Reputation: 182
Below is a sample string:
/site/50?ret=html&limit=8&phint=eid%3D283&phint=tcat%3D53159&phint=bin%3D1.99&phint=iid%3D301468384280&phint=type%3Duser&phint=pid%3D&phint=meta%3D11450&phint=gid%3D2&phint=inid%3D3&phint=tps%3D&phint=crm%3D3&phint=css%3D6&phint=cg%3D50a8abe714b0a7e37480bbe0fe9fe01e
Basically I need to do two levels of splitting.

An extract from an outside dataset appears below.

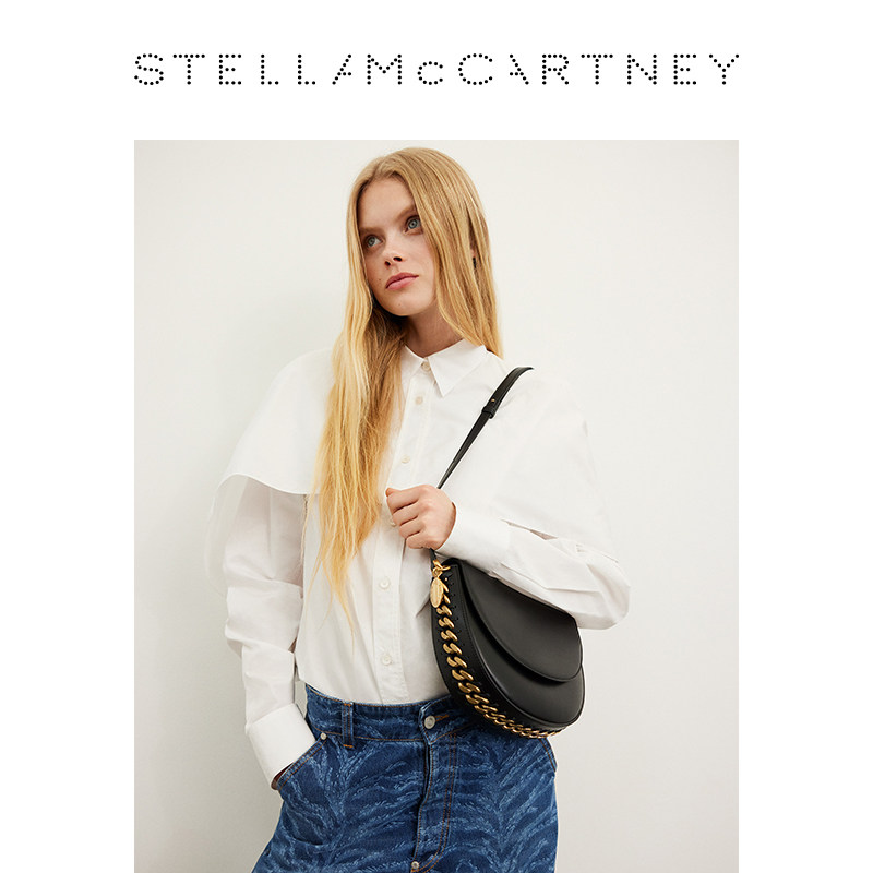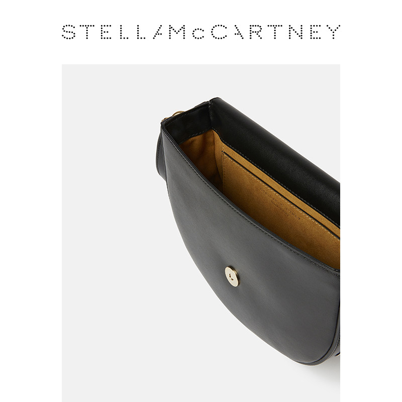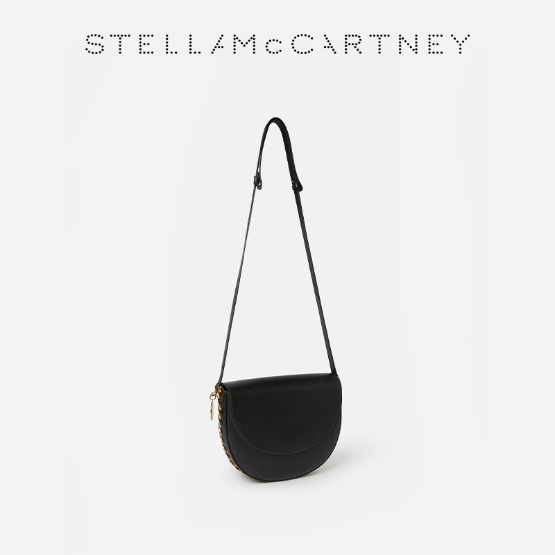 Stella FRAYME McCartney银色链饰黑色中号斜挎马鞍包 限时降价

One is to split and take out all strings between two "&phint=" which I have done. Now my output is:
[[1]]
[1] "/site/50?ret=html&limit=8"
[2] "eid%3D283"
[3] "tcat%3D53159"
[4] "bin%3D1.99"
[5] "iid%3D301468384280"
[[3]]
[1] "/site/17001?ret=html&limit=8" "eid%3D278" "tcat%3D26395" "bin%3D0.0"

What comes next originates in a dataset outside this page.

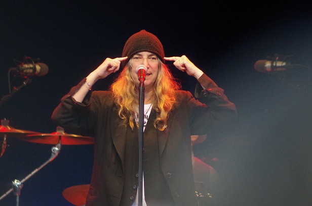 Banga is heavy and meditative and Pissin in the river is so good ... On Banga some guy comes up and plays the guitar (I thought it was Plura but no one around me know who that is either): Because The Night is done in a wonderful version and also a long Gloria .... ecstatic, it is just when I think ... as an encore, it will be two really hits the People have the Power, and Rock n Roll Nigger and all in all it's a really good concert but I miss obviously some songs and could have been without someone but really happy and lively, I run home to write about this ..

[5] "iid%3D0" "type%3Duser" "pid%3D" "meta%3D26395"
[9] "gid%3D1" "inid%3D5" "tps%3D" "crm%3D6"
[13] "css%3D10"
It is a list.
Now i need to split whenever i find %3D, i need to split it into two:
Example:
"eid%3D283"
should be written into two seperate data frame columns as:
eid in one column
283 into other column
Dis should be done to "n" no. of columns in 1 column matrix. This became a 1 column matrix after the 1st level split up.
Expected output:
Key Value
eid 283
tcat 53159
bin 1.99
and so on..
Any help is appreciated.
Thanks, Pravellika J
Upvotes: 0
Views: 1366
Reputation: 886938
You could try
res <- do.call(rbind.data.frame,
lapply(strsplit(as.character(dat1$Col), '&phint='), function(x)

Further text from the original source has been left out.